Turning to the first of these theories, the Court finds that it far too broadly conceives the scope of conduct which has been, or ought to be, considered price fixing. Although plaintiffs have cited several cases which they believe support their constructive price fixing theory, an analysis of the facts in those cases reveals that they are inapposite to the situation presented here. In each case an actual, as opposed to constructive, purpose of the conspiracy was to affect prices, though the means used to accomplish this objective were varied, and in some cases indirect.2

It might, of course, be argued, as plaintiffs eloquently urged, that the Court should break new ground by recognizing a doctrine of constructive price fixing in cases where a natural and probable effect, thought not an actual purpose, of the conspiracy or combination is to affect prices. This the Court declines to do. The range of collaborative conduct, the natural and probable consequence of which might be said to be an effect of some type on the price at which goods are sold, and thus the range of conduct embraced by such a doctrine, is almost limitless. Following the logic of plaintiffs' theory to its inexorable conclusion, all such conduct would be per se violative of Section 1 of the Sherman Act.

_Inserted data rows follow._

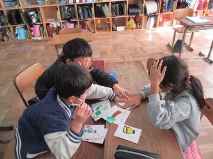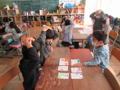 2年生の音楽で、2学期の学習を振り返りながら「曲かるた」を作りました。今日は、いよいよかるた大会。イントロを聴いて、どの曲かを判断してかるたをとっていました。
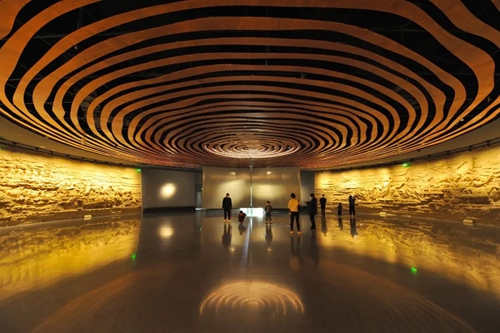 鄭州商代都城遺址博物院坐落于鄭州市市中心,序廳鏤空的洛陽鏟造型,寓意鄭州商代都城是一座由考古發(fā)現(xiàn)的千年王都。巨幅環(huán)形浮雕講述先商和商代故事。地面投影與年輪頂飾上下呼應,寓意鄭州古今同地,歷史文化一直延續(xù),3600余年的歷史有其根源,數(shù)千年的繁華有本可依。
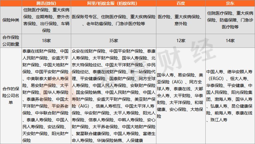 (一) BATJ中,蚂蚁保险的合作保险公司最多
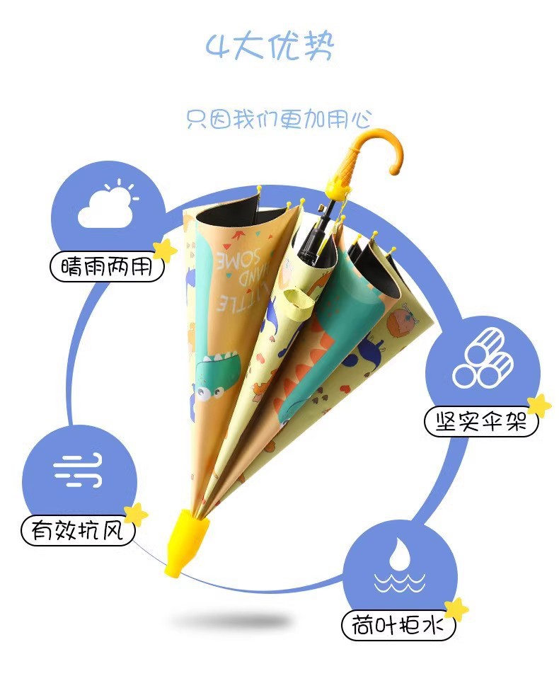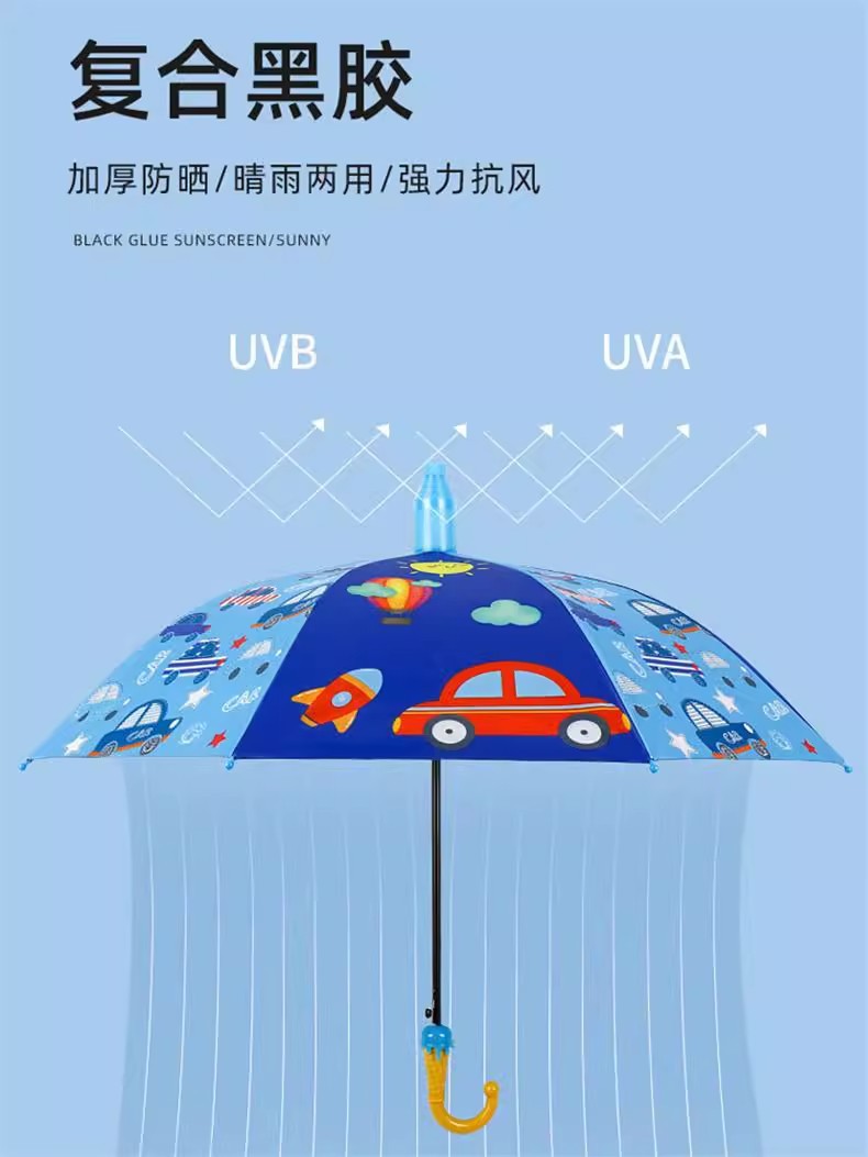 자동 어린이 우산 만화 완전 자동 우산 유치원 초등학생 검은 접착제 차양 우산 긴 손잡이 어린이 우산

Such a result manifestly would be inconsistent with the justification for per se rules under Section 1. The Supreme Court has explained it thusly: "There are certain agreements or practices which because of their pernicious effect on competition and lack of any redeeming virtue are conclusively presumed to be unreasonable and therefore illegal without elaborate inquiry as to the precise harm they have caused or the business excuse for their use." Northern Pacific R. Co. v. United States, 356 U.S. 1, 5, 78 S.Ct. 514, 518, 2 L.Ed.2d 545 (1958). With respect to the application of this standard, the Supreme Court has noted that "it is only after considerable experience with certain business relationships that courts classify them as per se violations of the Sherman Act." United States v. Topco Associates, 405 U.S. 596, 607-608, 92 S.Ct. 1126, 1133, 31 L.Ed.2d 515 (1972). A classic example of such a relationship is one whose actual purpose is to affect or regulate prices. By contrast courts do not have similar experience in dealing with the myriad types of relationships, business and otherwise, a natural and probable consequence of which may be to affect prices in some manner. Indeed many such relationships could not be deemed restraints of trade, let alone unreasonable restraints of trade, within the purview of the Sherman Act.3

The constructive price fixing theory, therefore, is an unsuitable vehicle with which to analyze the antitrust implications of the conduct alleged here. Rather it must be asked, in the first instance, whether cooperative false advertising is a restraint of trade, and if so, it must further be asked whether the restraint is unreasonable. Plaintiffs' second theory of antitrust liability is predicated upon affirmative answers to both of these questions. Accordingly, the Court addresses the issue of whether cooperative false advertising is a restraint of trade within the purview of the Sherman Act.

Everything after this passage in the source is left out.